Con questo sesto volume Silvana De Mari incastra l'ultimo tassello nel gigantesco affresco della sua bellissima saga, inaugurata con L'Ultimo Elfo e passata attraverso L'Ultimo orco, Gli ultimi incantesimi, L'ultima profezia del mondo degli uomini, cui va aggiunto il prequel Io mi chiamo Yorsh.

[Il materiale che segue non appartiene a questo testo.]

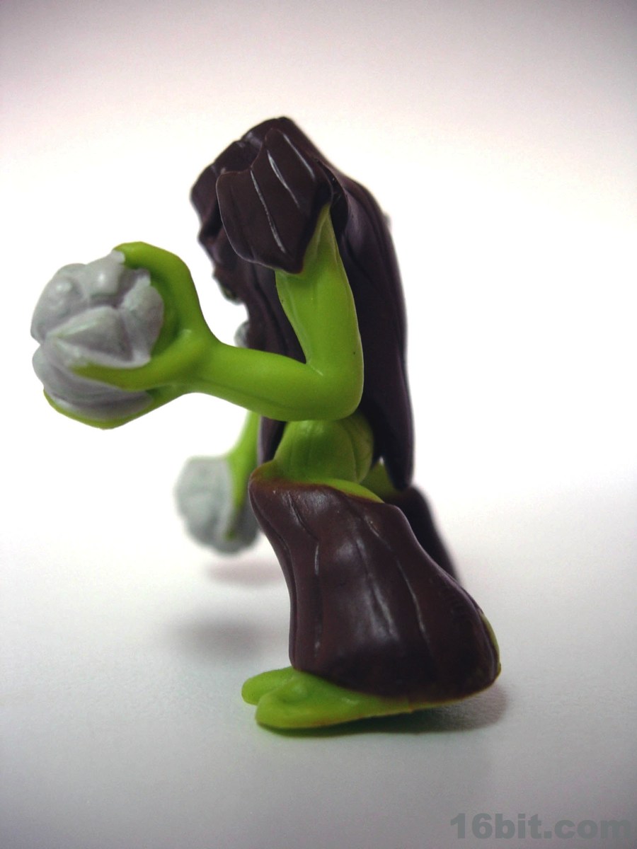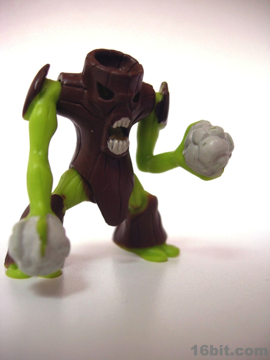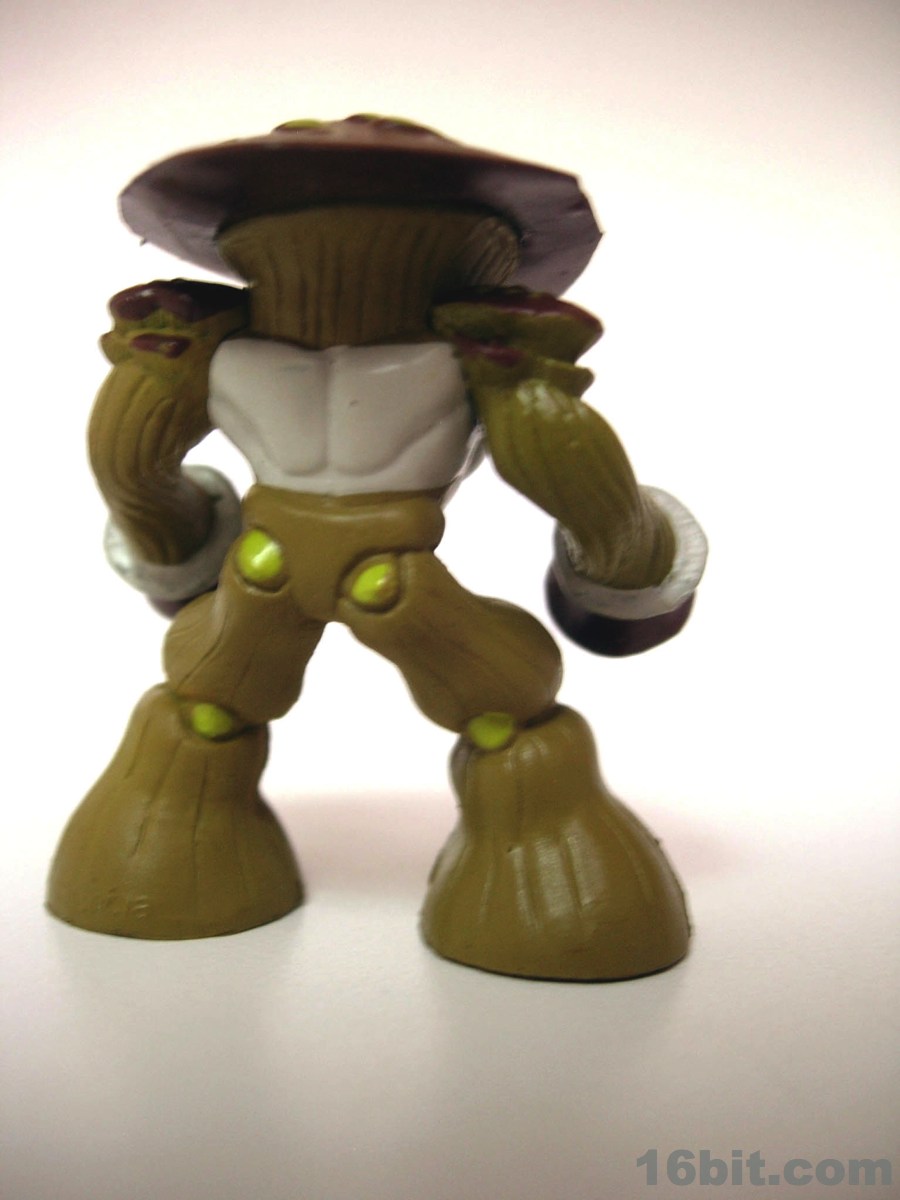 Next up is Cannon Trunk. The design, long with all four figures in this set, are excellent and it's really neat to see how this design seems to be inspired largely to the limitations of creating a tiny figure-- take a look at his "hands." Getting tiny vines that thin could be dangerous due to breakage, so rather than have "hands" the sculptors at Giochi Preziosi decided Cannon Trunk should be gripping rocks-- which launch out of his head. (Unfortunately, this kind of figure doesn't have a budget for such a mechanism, so you get to pretend.) The sculpt is quite excellent with a terrible freaky mouth that looks far creepier than his trading card art, with lots of simple detailing making up bark and vines on his body. This is one of the few figures which seems it would have made a really great action feature with a swell action feature, but it's just another small unarticulated PVC tree-- a good one, but this is one of the few times a little rubber guy like this seems like an idea which exceeds his plastic mandate.

La struttura riecheggia quella dell'Ultimo orco: anche qui i destini dei popoli vengono rimessi nelle mani di un 'bastardo', inteso nell'accezione di mezzosangue: così come questo archetipo rappresenta, internamente, l'unificazione di stirpi profondamente differenti, diventa anche simbolo vivente dell'unificazione che andrà a compiere nel mondo esterno. Dunque così come, mezzo millennio prima, concludere il gigantesco compito evolutivo iniziato dall'Elfo Yorsh e sostenuto da sua moglie Rosalba era toccato a Rankstrail, figlio di un Orco e un'Umana, ora il testimone passerà a Ranail, figlio di uno Yurdione e un'Umana con tracce di sangue elfico nelle vene. Ma mentre il primo è il prodotto di uno stupro, il secondo è frutto di un'unione voluta, a testimonianza della vastità del cammino percorso fra i due eventi.
Ed è un peccato che Fanucci abbia optato per un titolo che ricalca in parte il volume cronologicamente precedente, quando il working title proposto dalla scrittrice - L'ultimo giro della spirale - avrebbe espresso tutto il concetto in maniera assolutamente perfetta.